I have the following loop that runs this 'similarity' function and stores its result in a 'results' variable that is added as a column in the dataframe at index position i, passed in the for loop, formatted by the 'similarity_formated' function. However, because it is a function that passes through the entire dataframe, it takes a long time to run.
for i,row in df_teste.iterrows():
results = similarity(embeddings, df_acordaos,i,0)
df_teste.at[i,'SIMILARITY_ALL']=similarity_formated(results)
print(np.array(results[['process_number','SIMILARITY']]).shape)

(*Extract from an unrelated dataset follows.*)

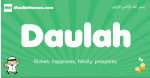 Meaning of Daulah is Riches, happiness, felicity, prosperity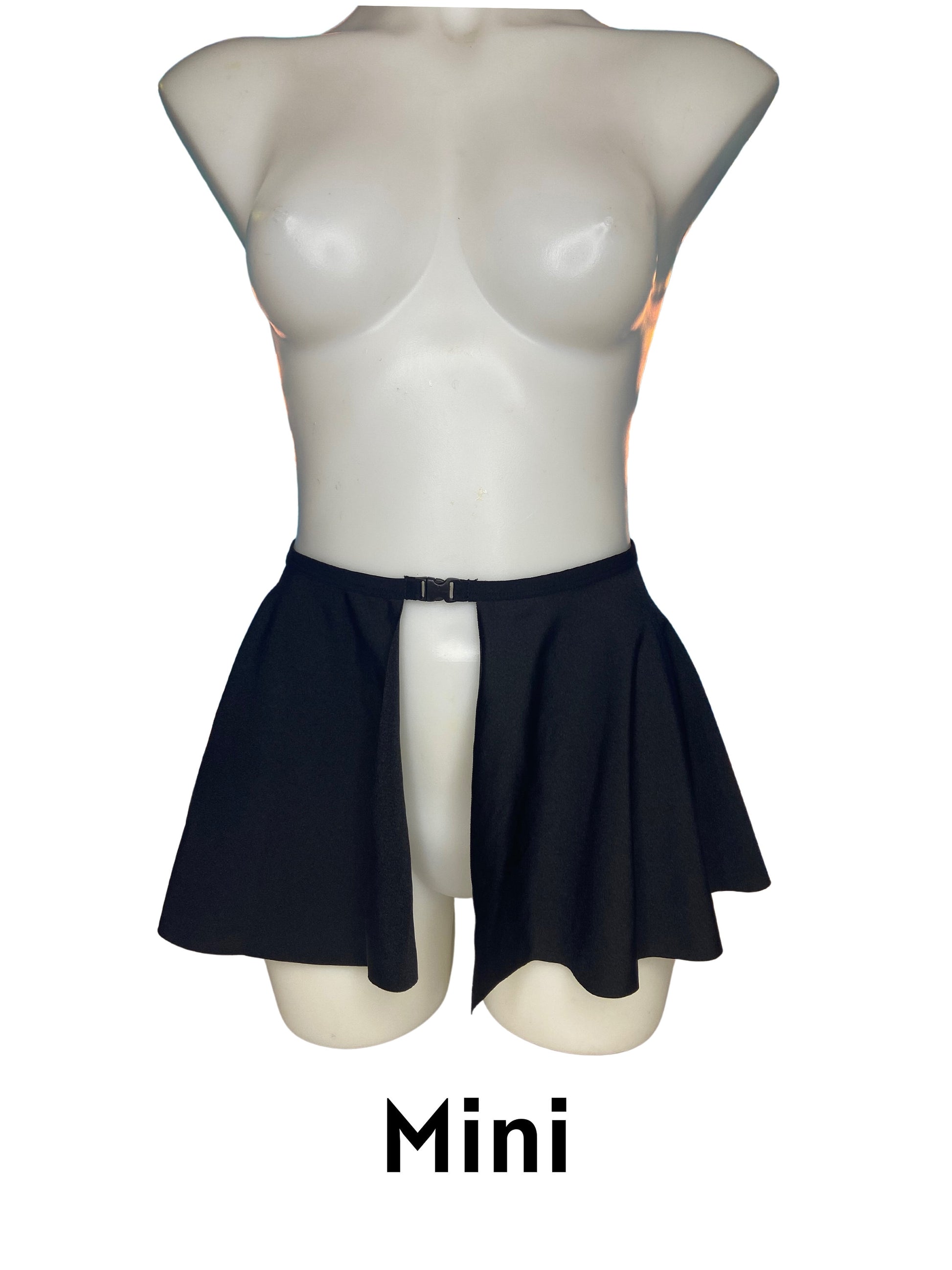 Pictures of the skirt in the listing fabric is our Ultra Mini skirt. The Mini and Short skirts are shown in a black fabric.

The function of similarity is as follows:
def similarity(tfidfs, df, df_idx,classes,expected_similarity=-1):
df_=df.copy()
df_=df_.reset_index().rename(columns={'index': 'df_index'})
col = df_[df_['df_index']==df_idx]
idx=col.index[0]
df_['SIMILARITY']=0
for indice in df_.index:
value_similarity = cosine_similarity(tfidfs[idx],tfidfs[indice])[0][0]
if value_similarity >= expected_similarity:
df_.at[indice,'SIMILARITY']=value_similarity
df_ = df_.sort_values('SIMILARITY',ascending=False,inplace=False)
return df_
and the 'similarity_formated' is:
def similarity_formated(results):
processes=list(results['process_number'])
similaritys= list(results['SIMILARITY'])
text=''
for p,s in zip(process, similaritys):
text+=p+' '+"{:.3f}".format(s)+' '
return text
I tried several ways to parallelize this loop, but I still haven't found a suitable way.